A slice of Israel and Spain in India

It is a rare chance to hear Sufi qawwali in Hebrew. But in Delhi, everything has a possibility! At a recent event in the city, the Kamani Auditorium was packed with audience which turned up to listen to music and enjoy fusion dance performance, one after the other.

Organised as part of the ongoing Delhi International Arts Festival, the evening was mesmerising for those who enjoy music. Even those who don’t have much knowledge of Sufi enjoyed the melodious tunes that emanated from morchang, bhapang, dholak,
flute, harmonium and other musical instruments along with guitar.

In the hands of Israeli artiste Shy Ben Tzur, the strings of guitar moved in rhythm with the harmonium played by Zakir Ali qawwal (Ajmer) and bhapang played by Chugge Khan. The presence of an Israeli Sufi singer, Indian qawwals and manganiyar on the same stage was in itself an unparallelled sight. The notion of music transcending countries and languages was thus reinforced when Tzur sang his compositions in Hebrew and the Indian musicians accompanied him by singing in the same language and vice versa.
Before each composition, Tzur narrated the lyrics and then sang it without disturbing the tonality of Indian music.

“When I compose, I take into account what will go with Indian musical instruments since it is very rich and the composition must be natural,” Tzur said after the performance. During the show he requested Khan to play kartal, in Hindi. The audience was floored by the artiste’s humble gesture which made the performance interactive and offered a chance to listen to live jugalbandi, along with some six compositions!

It was an intelligent decision to sing just a paragraph of few of the qawwalis initially and sing the rest at length to enable the listeners to feel the emotion behind each. After listening to the popular qawwali Chaap tilak..., the audience demanded Dama dum mast qalandar but time played spoil sport for the request to be fulfilled.

After a short break, the curtains went up again and six male dancers walked on to the stage to take their positions one after the other. Their namaskars were performed to the music of Ganesha stuti which energised the ambience. But the unsynchronised choreography didn’t present a very good picture.

This performance, titled ‘Soul Pait’, incorporated Kalaripayattu (Indian martial art) and Urban Contemporary Dance by Dani Pannullo Dance Theatre Company from Spain. Divided in 12 sections, the performance had both the forms in equal proportions but unfortunately the two don’t come across as one.
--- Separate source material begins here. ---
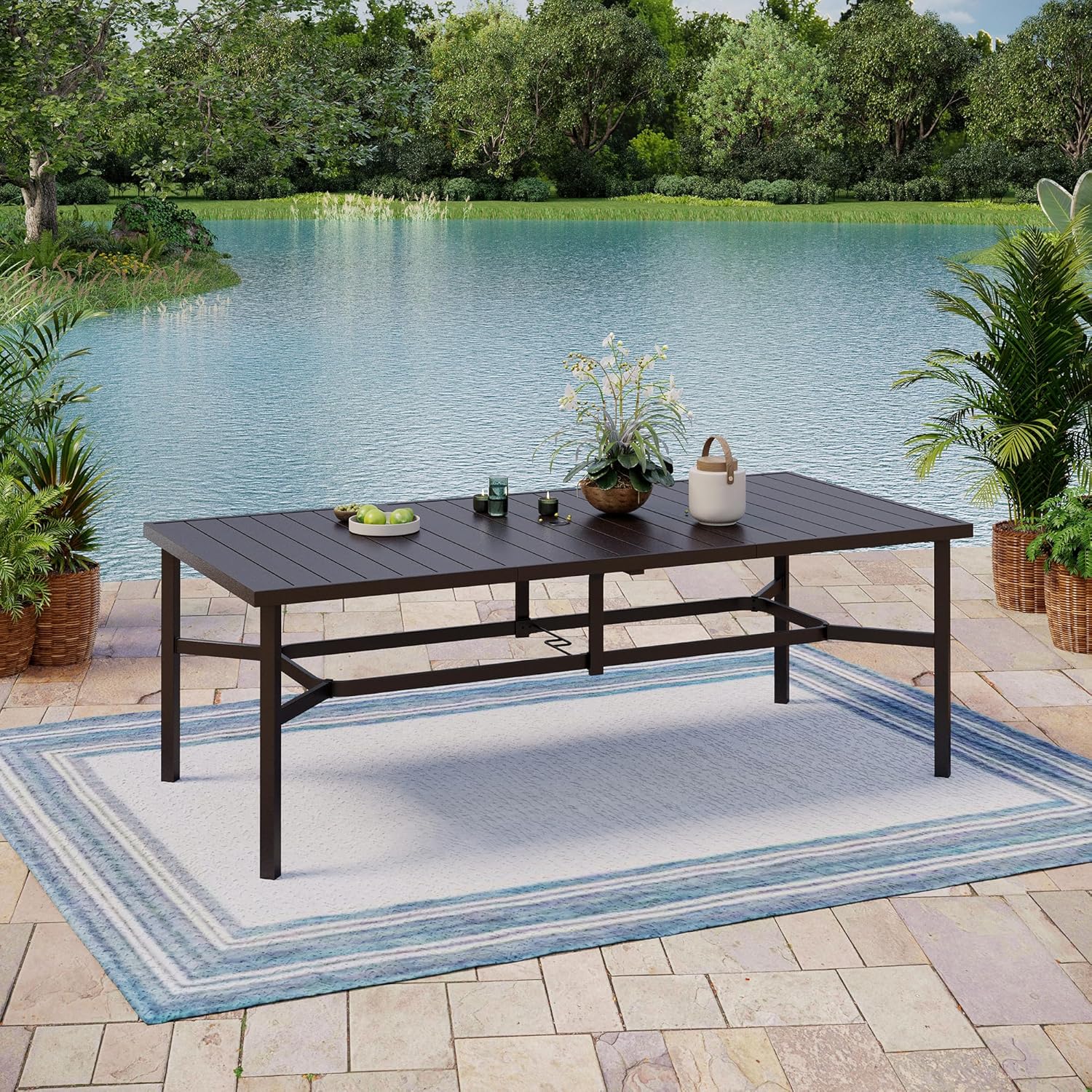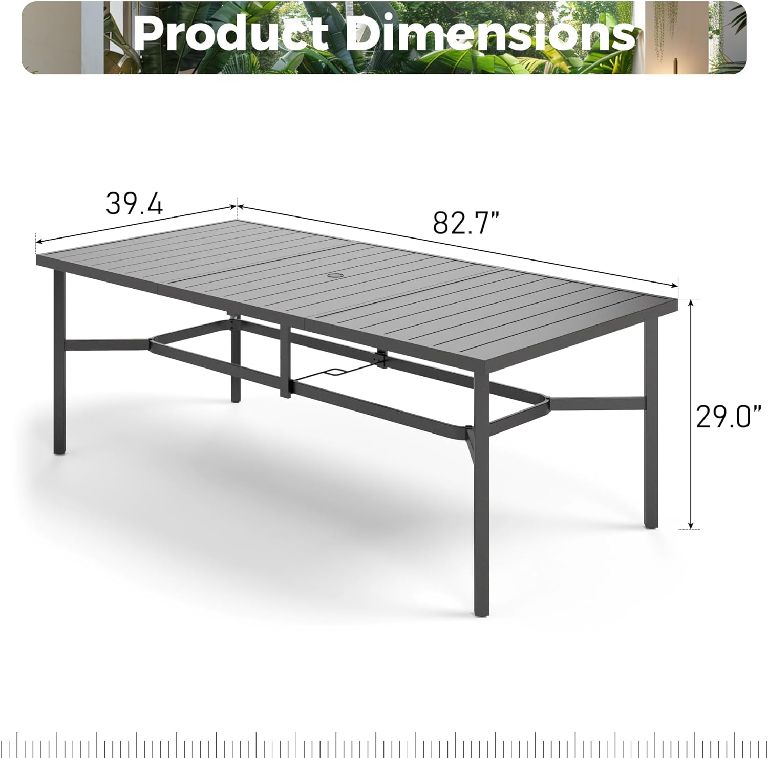 - Large Dining Table: L 83" x W 39" x H 29"; Diameter of umbrella hole:1.7", Suit for 8 people, 1.7" diameter of umbrella hole fits patio umbrellas which can protect you from the bright sun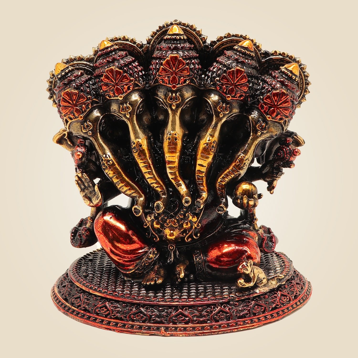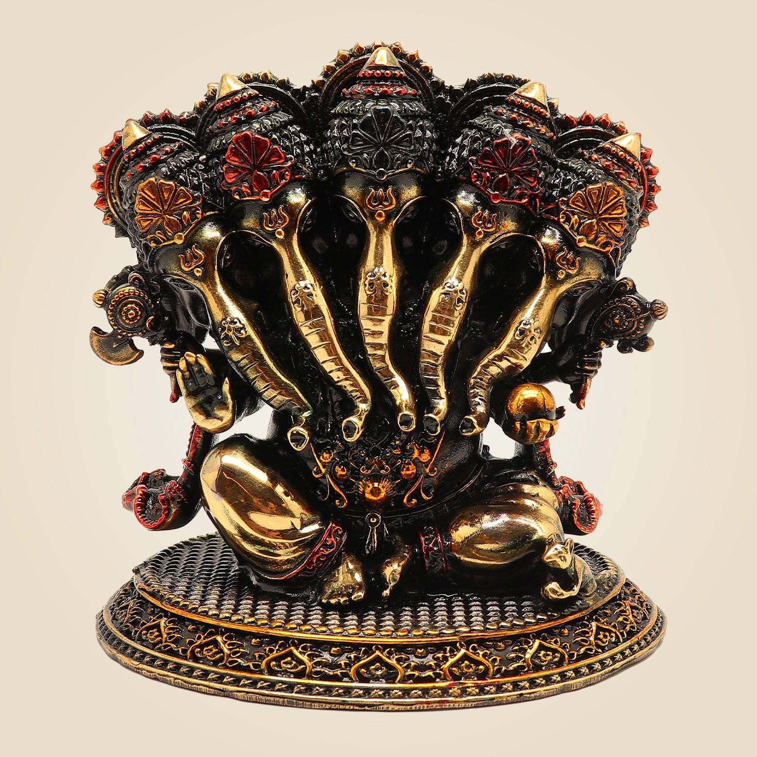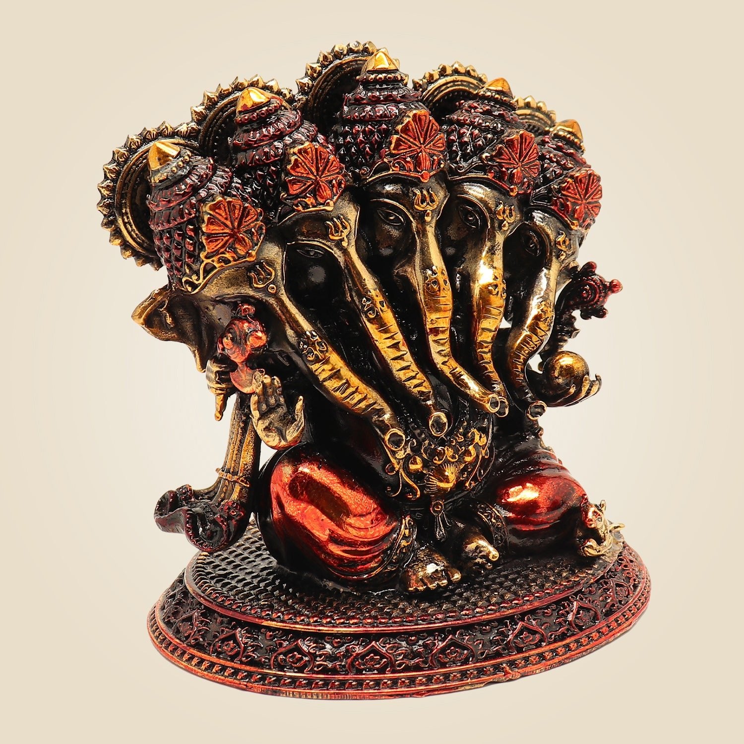Handcrafted Pure Brass Panchmukhi Ganesh Sculpture 4.5"– Lightweight Artisan Idol

The lead performer of Kalaripayattu – Visakh Thankappan stood out for his expertise in rotating sticks, swords, knives and other war weapons. The rest, however, were unable to match up to his performance and thus the visual appeal of the show remained unimpressive.

In particular sections where Spanish dancers Julián Gómez, Miguel Ballabriga and Sufian Ben Yacoub present their B-Boying skills, the audience was impressed but the general impression was that other Indian dancers (apart from Thankappan) - Ramlal Raveendran and Vishnu Lakshamanan could have been exploited more by the choreographer.

The Indian music, though welcome initially, was shrill as a siren later. The lights, however, throughout the dance performance were managed quite well and made for a spectacular visual.